Pictures are to be left out, and only the lines below starting at the one with "#EmunaYomi 197: Only" and ending at the one with "该系统由罐体装置、滤柱、滤布、喷淋装置、储槽、泵、仪表阀门及控制系统等组成。" are to be reproduced, each exactly, both ends included.
Start of Data
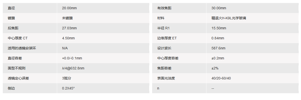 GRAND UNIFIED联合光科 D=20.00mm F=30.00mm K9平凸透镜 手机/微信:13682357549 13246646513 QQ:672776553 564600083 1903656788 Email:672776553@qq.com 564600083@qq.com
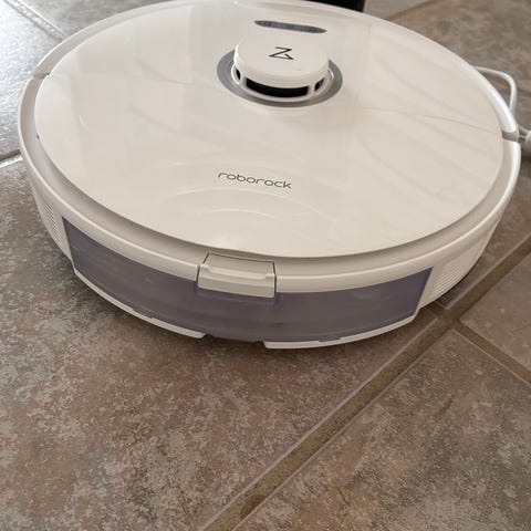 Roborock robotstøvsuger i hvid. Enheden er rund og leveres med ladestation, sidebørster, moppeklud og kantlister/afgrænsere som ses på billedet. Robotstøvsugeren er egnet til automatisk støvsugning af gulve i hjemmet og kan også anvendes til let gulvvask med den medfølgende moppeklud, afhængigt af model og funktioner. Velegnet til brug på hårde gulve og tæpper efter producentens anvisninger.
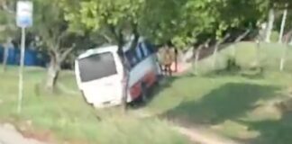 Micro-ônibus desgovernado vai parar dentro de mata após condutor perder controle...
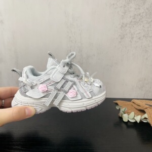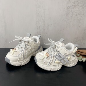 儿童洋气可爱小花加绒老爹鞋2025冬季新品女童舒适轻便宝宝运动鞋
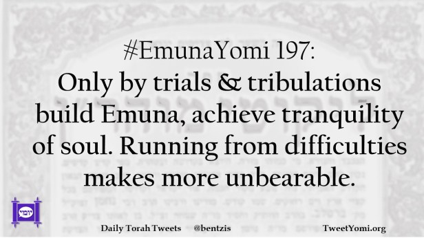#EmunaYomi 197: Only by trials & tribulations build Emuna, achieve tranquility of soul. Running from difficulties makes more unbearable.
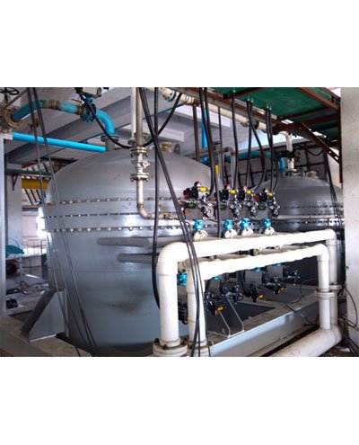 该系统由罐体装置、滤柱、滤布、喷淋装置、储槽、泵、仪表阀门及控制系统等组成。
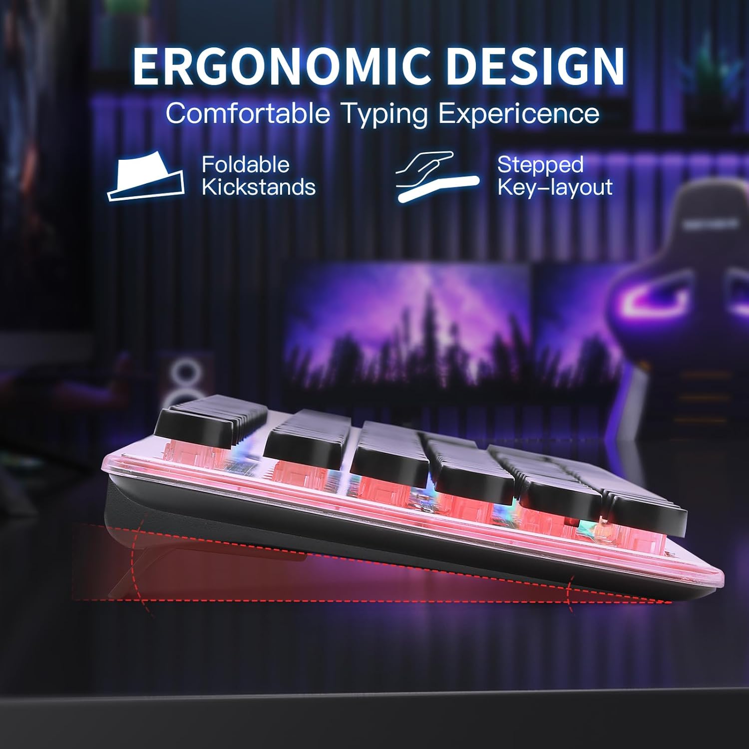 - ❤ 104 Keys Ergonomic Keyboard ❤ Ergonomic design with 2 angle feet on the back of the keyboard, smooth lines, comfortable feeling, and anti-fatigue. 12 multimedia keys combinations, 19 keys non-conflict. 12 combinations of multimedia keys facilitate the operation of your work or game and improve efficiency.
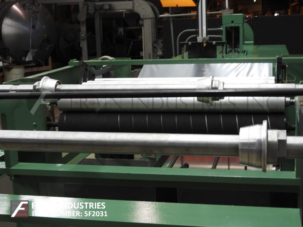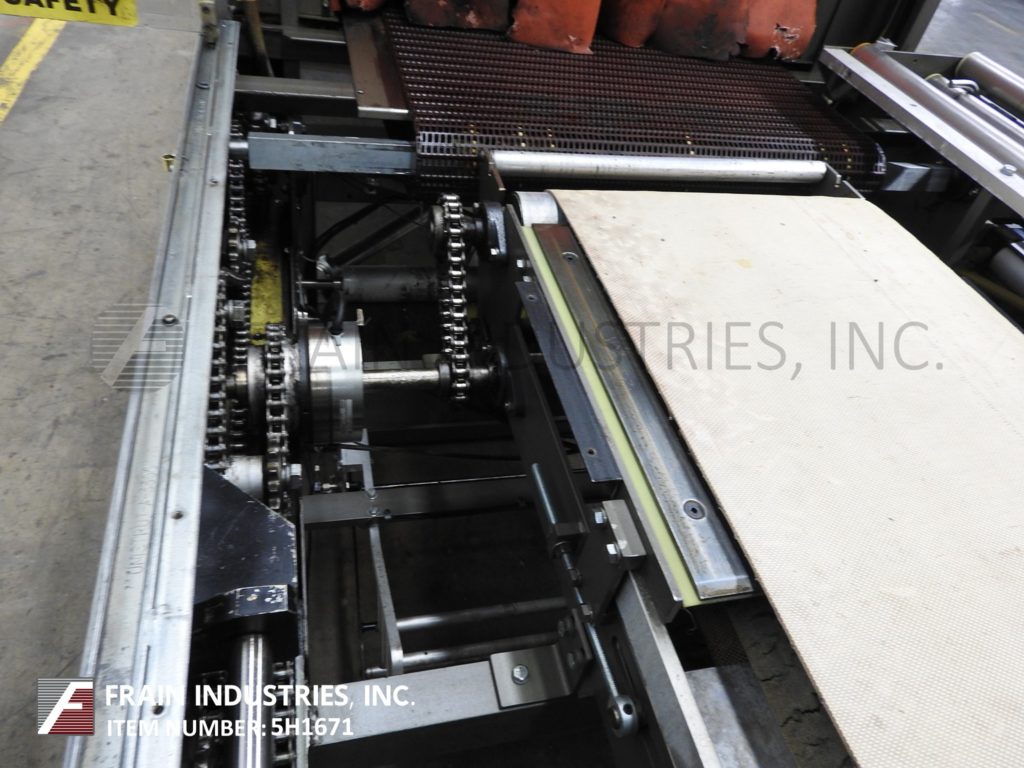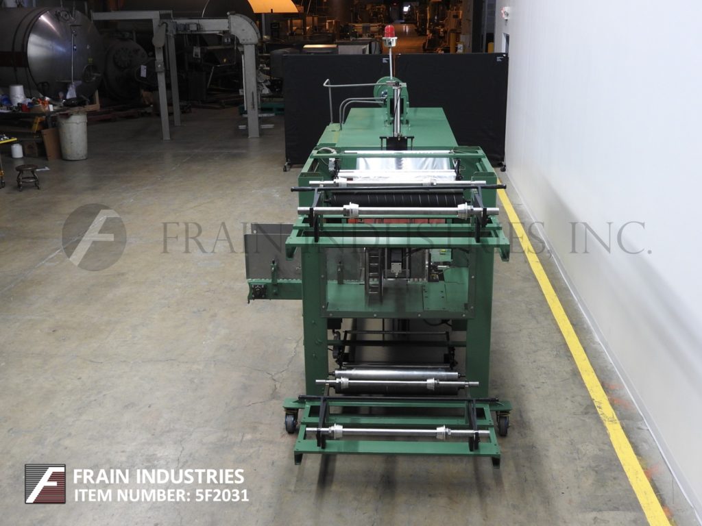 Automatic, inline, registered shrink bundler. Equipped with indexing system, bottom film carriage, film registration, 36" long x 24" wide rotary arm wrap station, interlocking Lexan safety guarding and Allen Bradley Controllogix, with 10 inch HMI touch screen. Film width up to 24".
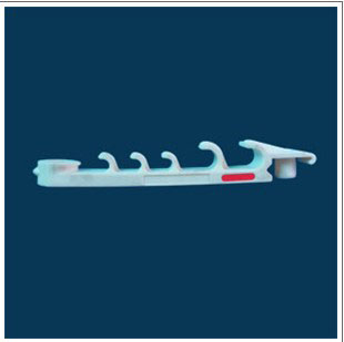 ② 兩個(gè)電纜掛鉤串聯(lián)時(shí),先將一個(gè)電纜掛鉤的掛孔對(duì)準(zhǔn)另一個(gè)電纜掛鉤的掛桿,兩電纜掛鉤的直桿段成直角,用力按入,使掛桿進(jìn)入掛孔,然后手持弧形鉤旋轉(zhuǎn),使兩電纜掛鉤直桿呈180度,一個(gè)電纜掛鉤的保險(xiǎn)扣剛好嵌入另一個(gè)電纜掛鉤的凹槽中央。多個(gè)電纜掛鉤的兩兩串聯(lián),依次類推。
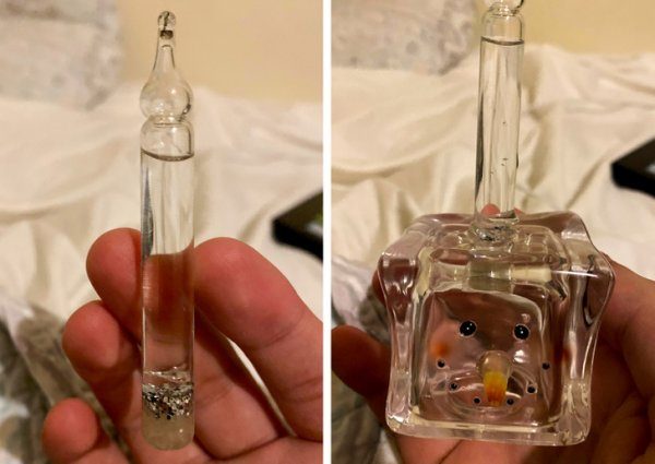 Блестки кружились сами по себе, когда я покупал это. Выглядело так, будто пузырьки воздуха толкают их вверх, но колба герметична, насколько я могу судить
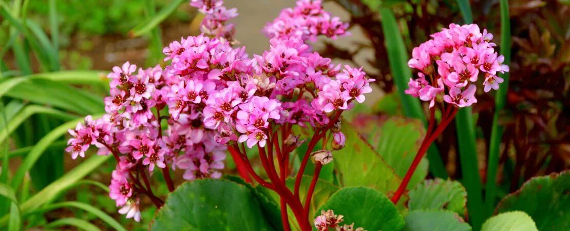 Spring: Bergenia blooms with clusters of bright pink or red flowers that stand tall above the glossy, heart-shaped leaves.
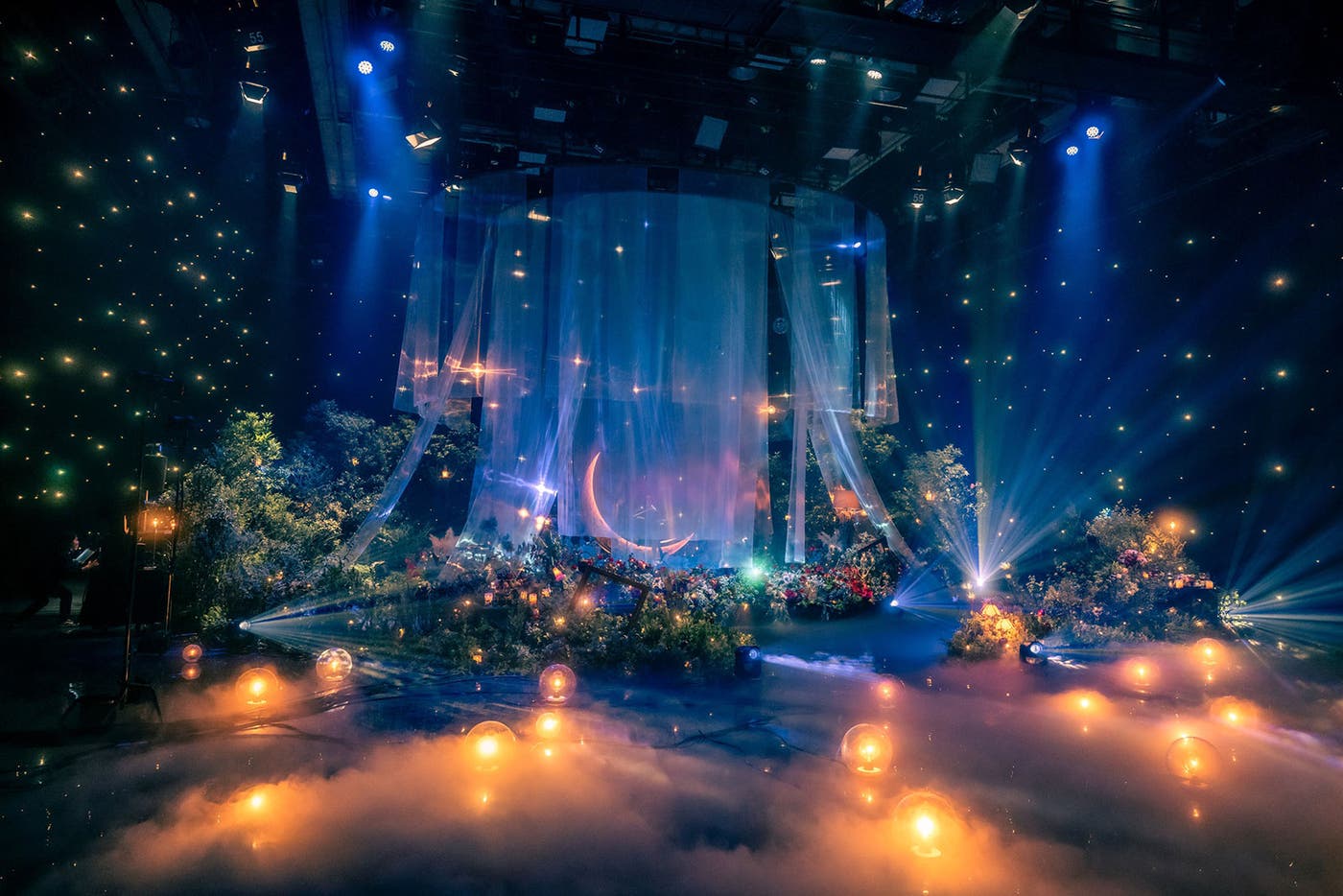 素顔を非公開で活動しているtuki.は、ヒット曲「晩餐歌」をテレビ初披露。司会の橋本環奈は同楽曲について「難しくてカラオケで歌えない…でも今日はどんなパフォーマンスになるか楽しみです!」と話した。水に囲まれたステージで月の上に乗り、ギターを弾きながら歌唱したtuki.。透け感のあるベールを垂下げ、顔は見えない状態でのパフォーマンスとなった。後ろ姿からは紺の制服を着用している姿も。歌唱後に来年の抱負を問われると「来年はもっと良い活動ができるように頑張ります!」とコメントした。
End of Data
_Task result_
#EmunaYomi 197: Only by trials & tribulations build Emuna, achieve tranquility of soul. Running from difficulties makes more unbearable.
 该系统由罐体装置、滤柱、滤布、喷淋装置、储槽、泵、仪表阀门及控制系统等组成。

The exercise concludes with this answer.